Stored entries:
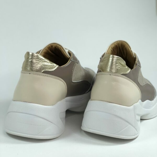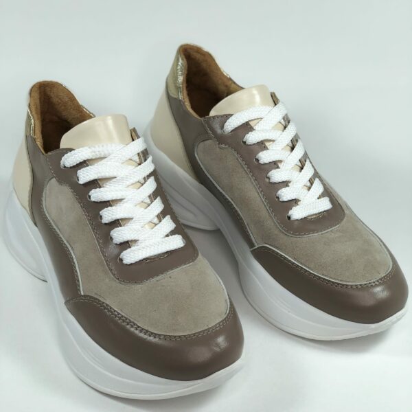 Стильные кроссовки изготовлены из натуральной кожи и замши – разноцветные. Прекрасно сидят на ножке. Полномерные, соответствуют стандартной сетке размера. Рассчитаны на разную полноту ноги благодаря шнуровке. Возможен отшив в коже, замши разных цветов.
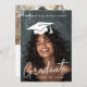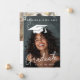 Invitación de graduación con un gorra de graduación blanco como superpuesto sobre tu foto. Puede mover, cambiar el tamaño y rotar el gorra en la herramienta de diseño.
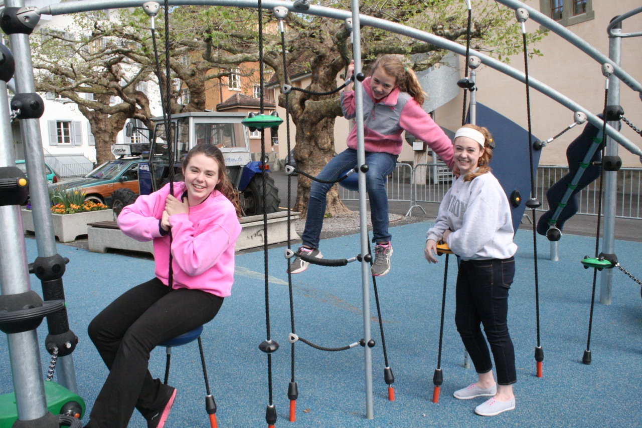 After putting our dinner food away, we headed down the lake on an amazing, terrifying, swirvy drive right out of a James Bond movie to a beautiful lake side castle near the city of Thune. The castle was closed, so we walked around the gardens and then played on the jungle gym located right outside the castle entrance…. Funny… thie girls loved this playground – all of them. They climbed and played and laughed for almost an hour!! They clearly needed some down time from seeing and learning and struggling with new languages.
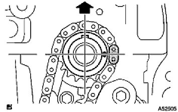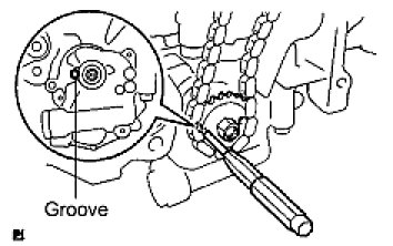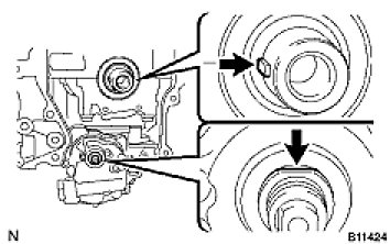 - Align the adjusting hole of the oil pump drive shaft sprocket with the groove of the oil pump.
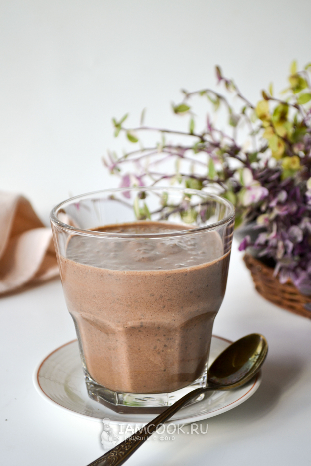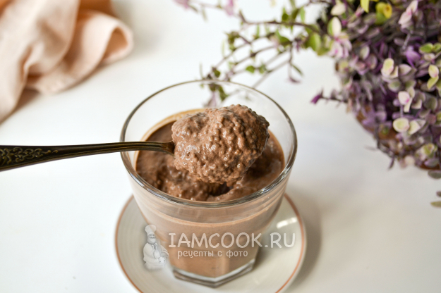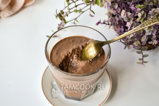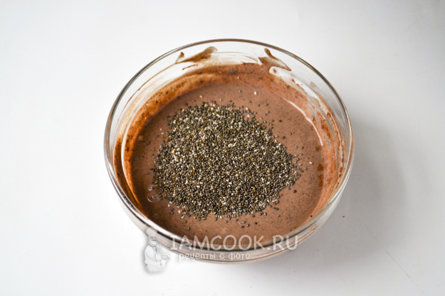 За ночь семена чиа разбухли, жидкая шоколадная масса превратилась в густую желеобразную.

_WHAT THE EXERCISE ASKS_
Please retype the lines from the one that contains "Invitación de graduación" to the final line of the records, both included, exactly as written and without any pictures.

_RESULT FOR THIS EXERCISE_
 Invitación de graduación con un gorra de graduación blanco como superpuesto sobre tu foto. Puede mover, cambiar el tamaño y rotar el gorra en la herramienta de diseño.
 After putting our dinner food away, we headed down the lake on an amazing, terrifying, swirvy drive right out of a James Bond movie to a beautiful lake side castle near the city of Thune. The castle was closed, so we walked around the gardens and then played on the jungle gym located right outside the castle entrance…. Funny… thie girls loved this playground – all of them. They climbed and played and laughed for almost an hour!! They clearly needed some down time from seeing and learning and struggling with new languages.
 - Align the adjusting hole of the oil pump drive shaft sprocket with the groove of the oil pump.
 За ночь семена чиа разбухли, жидкая шоколадная масса превратилась в густую желеобразную.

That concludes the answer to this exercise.